| Task input |

[Start of Attachment]

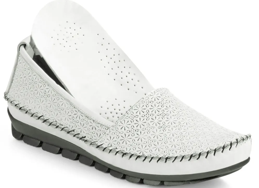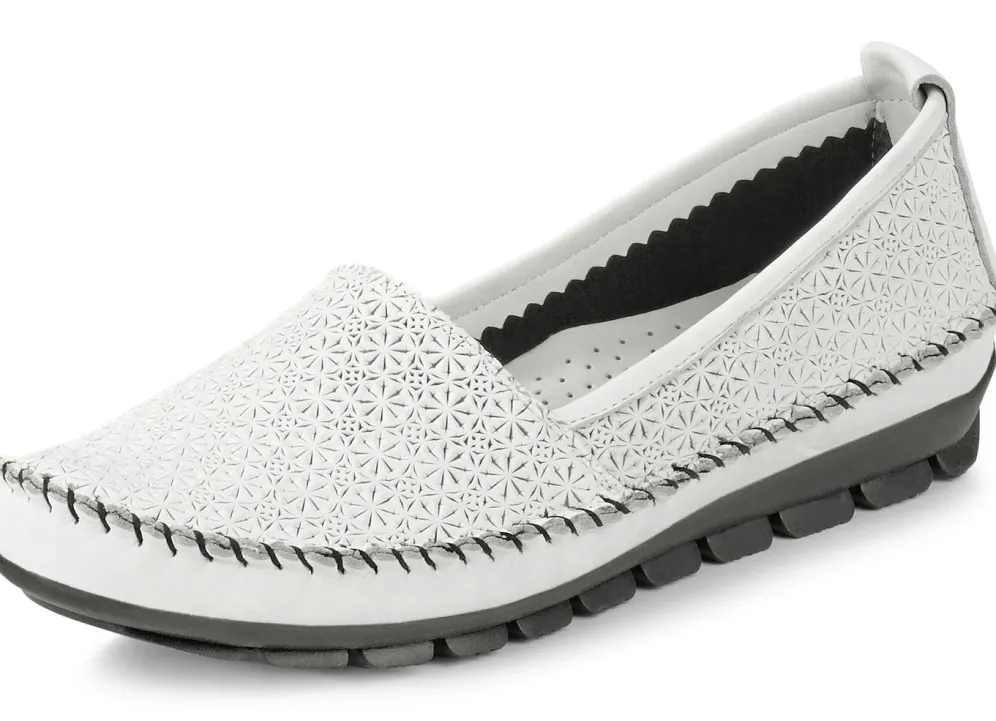 Mokassin-Sipper aus geprägtem Rind-Nappaleder: in Weite G, Textilfutter, herausnehmbares Lederfußbett, leichte TR-Profilsohle, 15 mm Keil
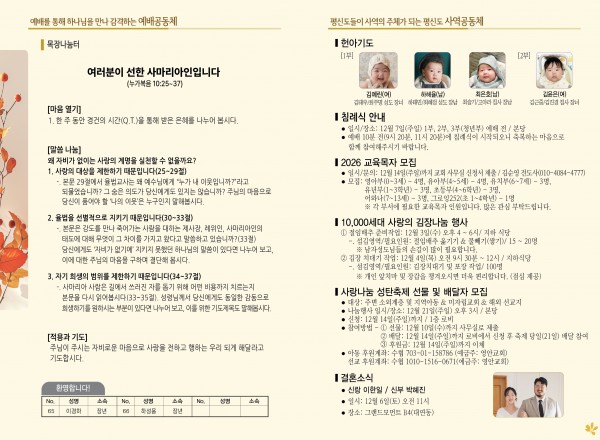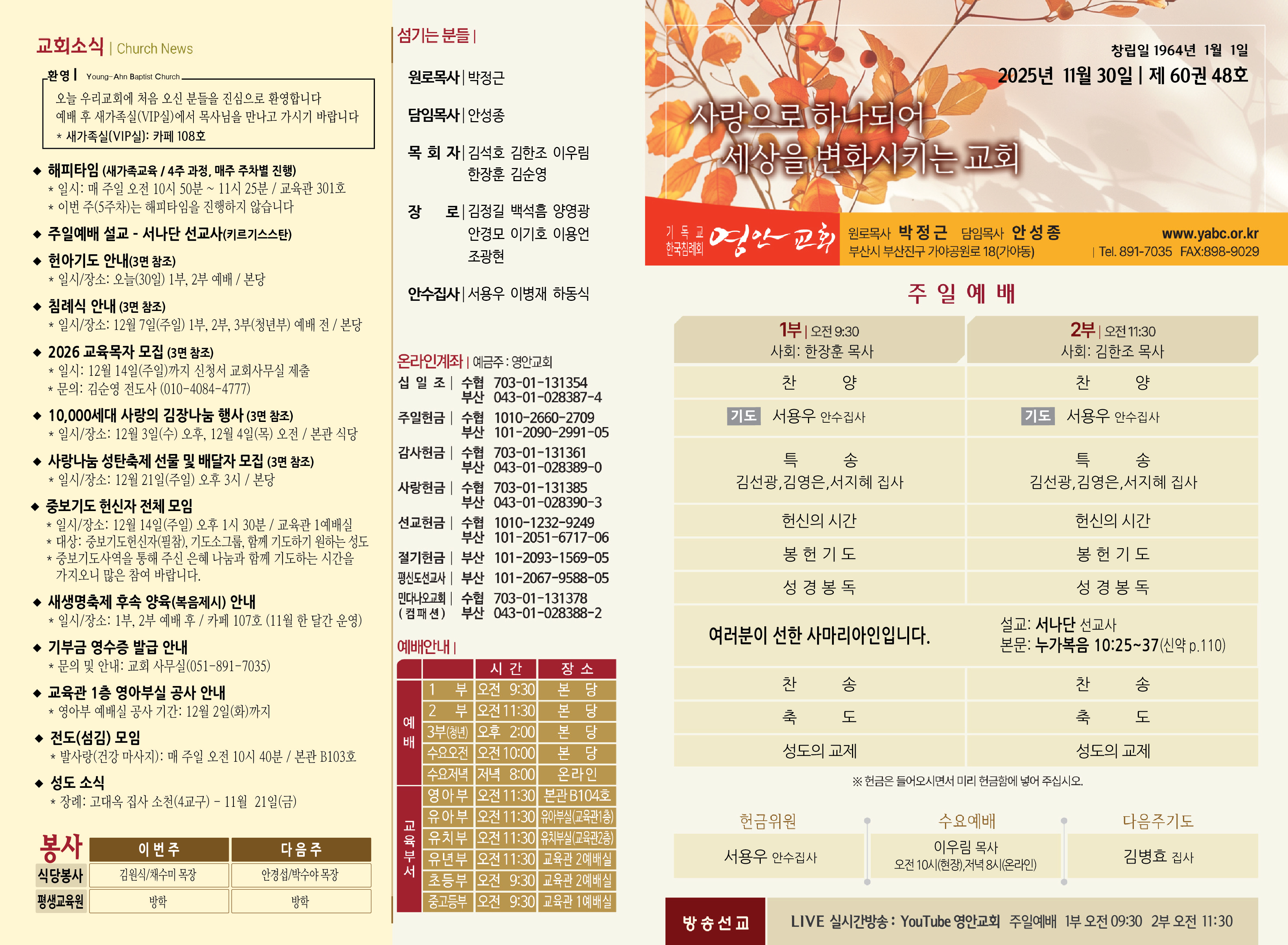 2025년 11월 30일 주보 페이지 정보 작성자 관리지기 작성일25-11-29 10:42 조회547회 댓글0건 관련링크 목록 본문 2025년 11월 30일 주보 댓글목록 등록된 댓글이 없습니다. 목록
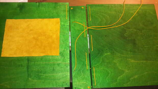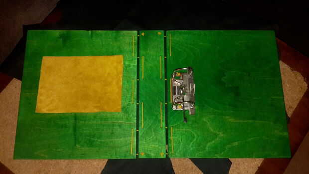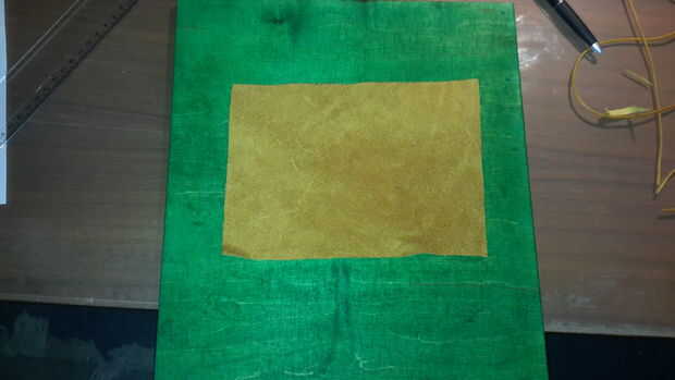 Para enfatizar el símbolo en la parte delantera he decidido pegar un pedazo amarillo de cuero en el interior. Podría utilizar cualquier otro material de papel a la tela, también.
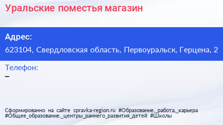 Уральские поместья, магазин по адресу 623104, Свердловская область, Первоуральск, Герцена, 2 в дальнейшем Организация, размещена в следующих категориях:
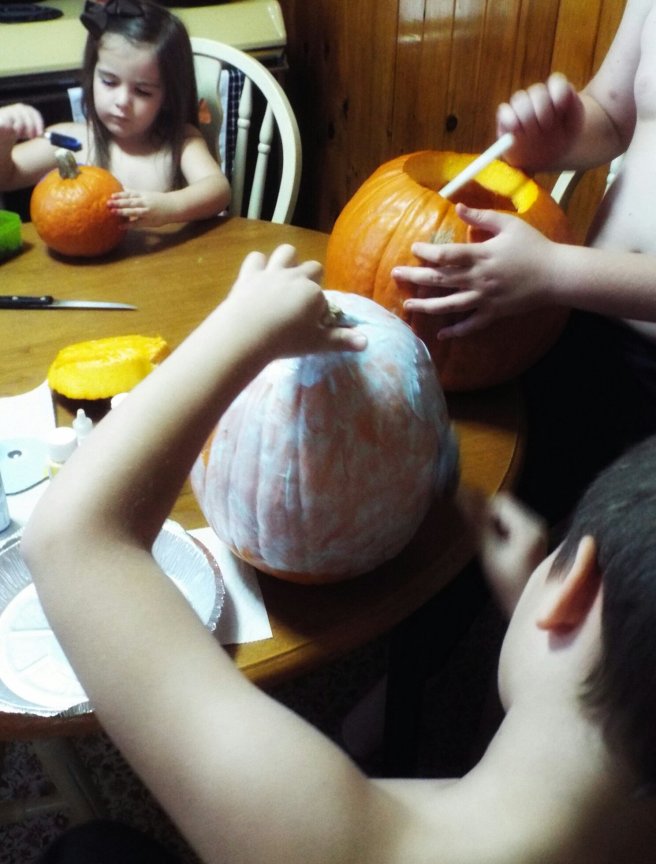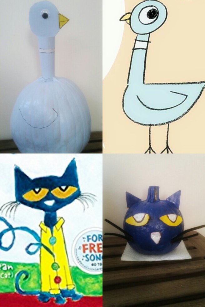 Koby wanted his pumpkin to be Little Pigeon and Klara wanted to paint her pumpkin as Pete the Cat
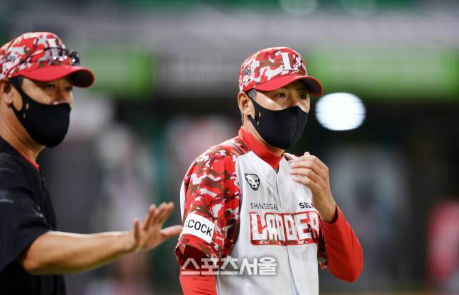 9-6으로 역전승 자축하는 김원형 감독[포토]

[End of Attachment]

| Required work |
Repeat exactly and only the lines from the one holding "Koby wanted his" through the final line of the entries; no pictures.

| Exercise response |
 Koby wanted his pumpkin to be Little Pigeon and Klara wanted to paint her pumpkin as Pete the Cat
 9-6으로 역전승 자축하는 김원형 감독[포토]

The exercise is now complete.